Does it actually work?
Yes. The secret is that consistency is more important than dose. A person who takes protein powder 1-2x/week for 3 months benefits less than someone who eats a protein pancake 5-6x/week for 1 year. CORIAL transforms supplements into foods that naturally fit into real life.
Chapter 1: The Problem Nobody Wants to Admit
The Supplement Industry's Dirty Secret
Approximately 68% of Portuguese people consume food supplements [1]. Several million euros worth of capsules, powders, and pills enter homes every year.
But here’s the uncomfortable truth: 50% of supplement users stop taking them within 3 months [1].
It’s not because the supplements don't work. It’s because they don’t fit into real life. Capsules are inconvenient. Powders require equipment (a shaker). Consistency is difficult. Taking 10 collagen capsules daily is annoying. Then month 2 comes, and the capsules gather dust in a drawer.
The Supplement Paradox
There's a fascinating paradox here:
The more "concentrated" a supplement is, the less sustainable its intake.
A protein powder offers 30g of protein in a scoop. It seems efficient. But it requires a shaker, cleaning, time. The person who buys it gives up in 2 months.
A protein pancake with 39g protein/100g of protein is real food. It's less "concentrated" per gram, but it fits into breakfast. The person eats it every day for 1 year.

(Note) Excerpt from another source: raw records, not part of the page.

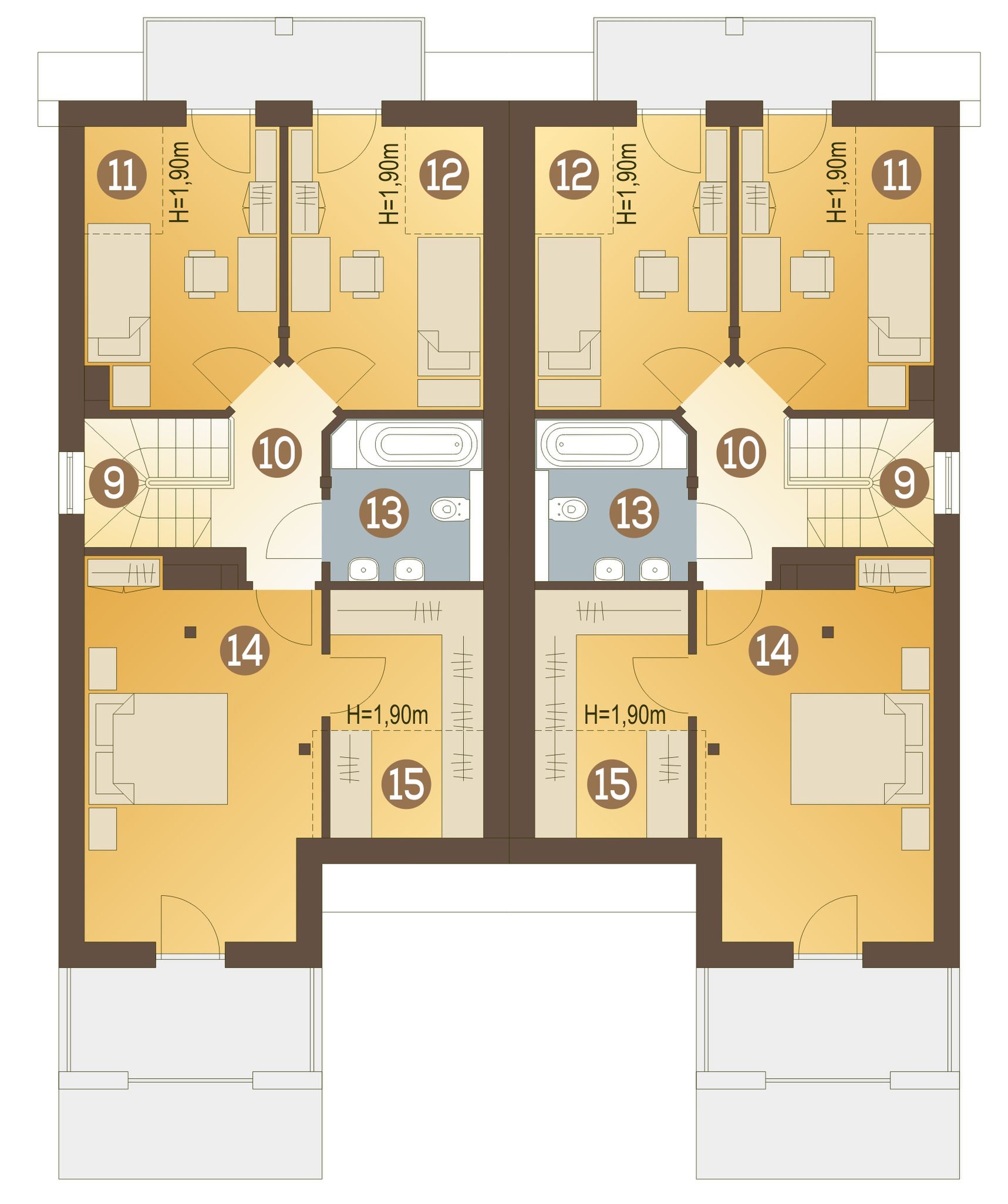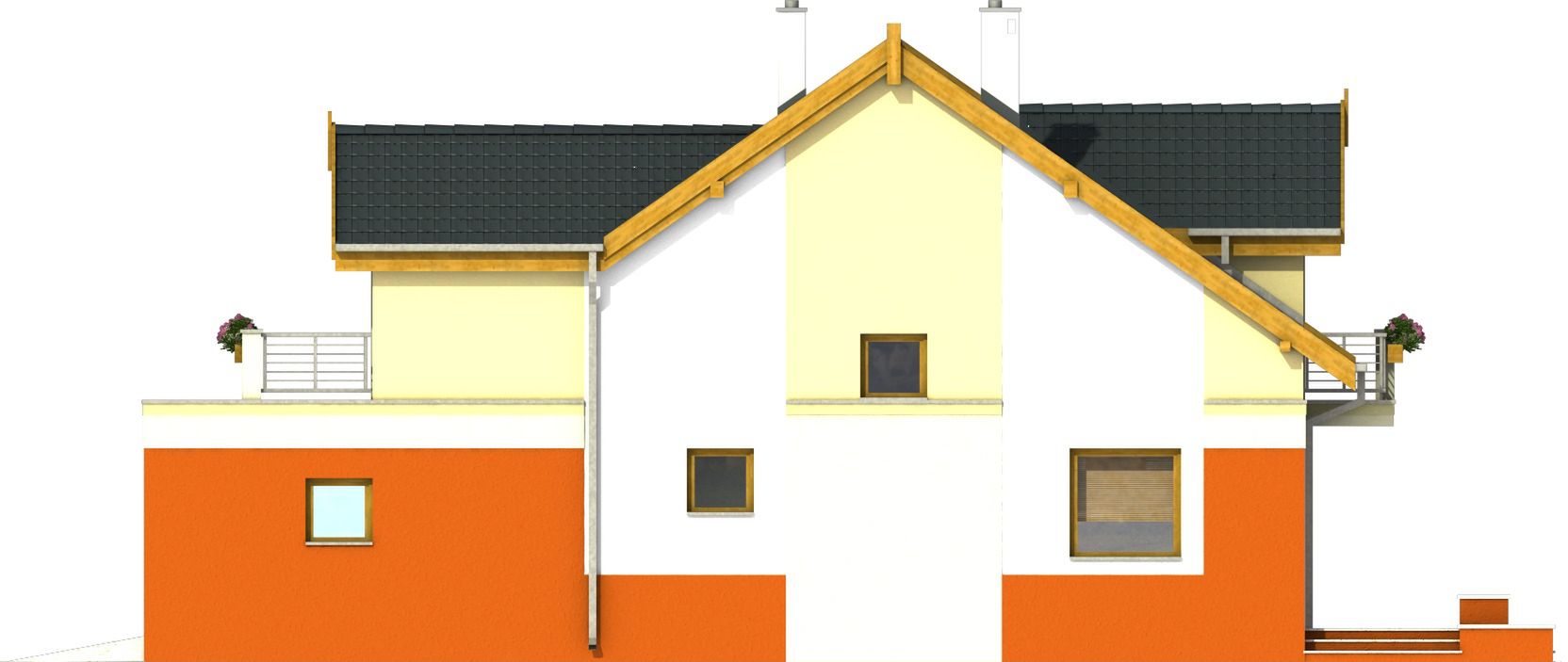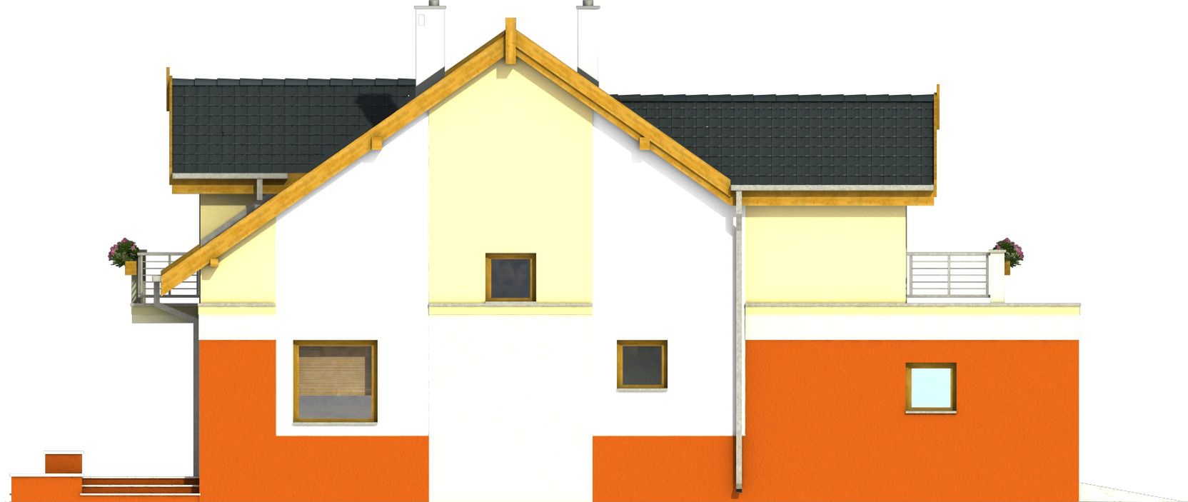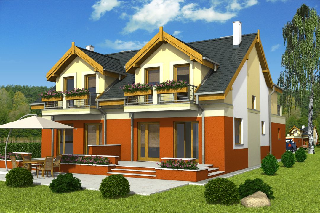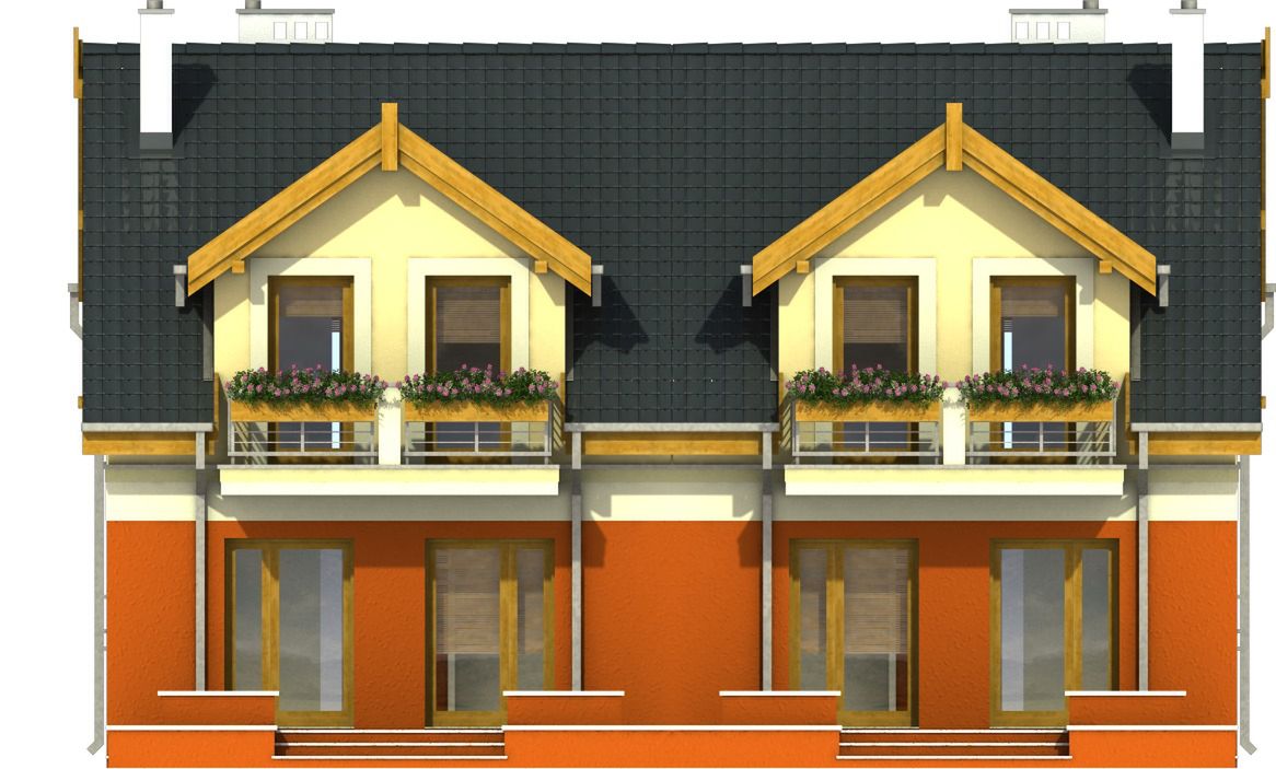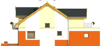 Graficzne opracowanie rzutów poglądowych widocznych na karcie projektu zostało wykonane przez Extradom.pl. Prezentowane przez Extradom.pl wizualizacje wykonane zostały przez autora projektu i należy poczytywać je jedynie za przykład i propozycję wykończenia, wizję architektoniczną autora projektu. Ostateczne wykończenie budynku może nastąpić na wiele sposobów. Szczegółowe rozwiązania zastosowane w oferowanej dokumentacji - w tym również ilość, lokalizacje i wygląd okien, drzwi, kominów - mogą w niewielkim stopniu różnić się od prezentowanej wizualizacji budynku.
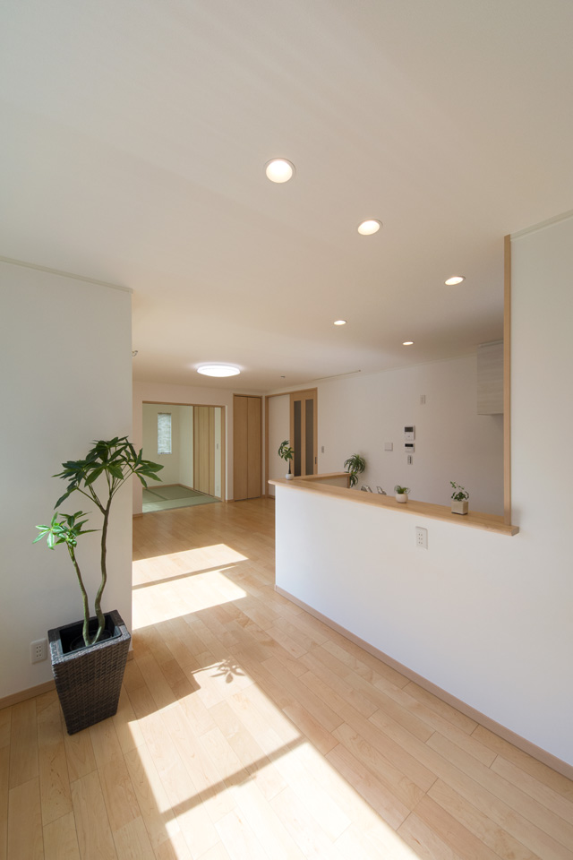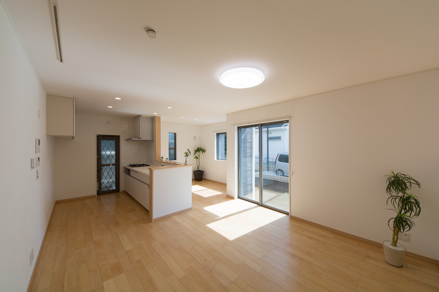 自然光に満ちた明るいLDKは、自然と家族が集う心地よさ。
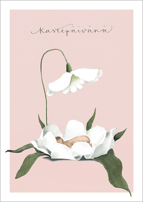 Kannessa kuva valkoisesta kukasta jonka päällä makaa vauva, vaaleanpunainen tausta sekä teksti ”Kastepäivänä”.
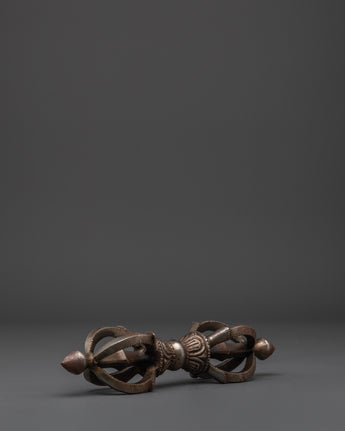 Carefully forged from iron by expert Himalayan craftsmen, the Vajra showcases intricate artistry rooted in ancient traditions. Its perfectly balanced form is perfect for rituals or as a revered altar ornament. Serving as a meditation support, offering an instrument, or a distinctive spiritual decoration, this thunderbolt emanates strong energy and divine blessings.

Simple math: Protein powder: 30g × 2 times/month for 3 months = 180g ingested. Protein pancake: 31g × 5 times/week for 1 year = ~8,000g ingested.
The pancake wins by 44x.
The Insight That Gave Birth to CORIAL
In 2022, Guilherme was in his garage in Esposende, analyzing this problem. He had a chocolate bar, a coffee, and a tub of collagen powder. And he thought:
"What if I could dissolve this powder in coffee? It wouldn't be a supplement. It would just be improved coffee."
That simple insight turned into an obsession: What if everything people take in supplements could be transformed into food they want to eat anyway?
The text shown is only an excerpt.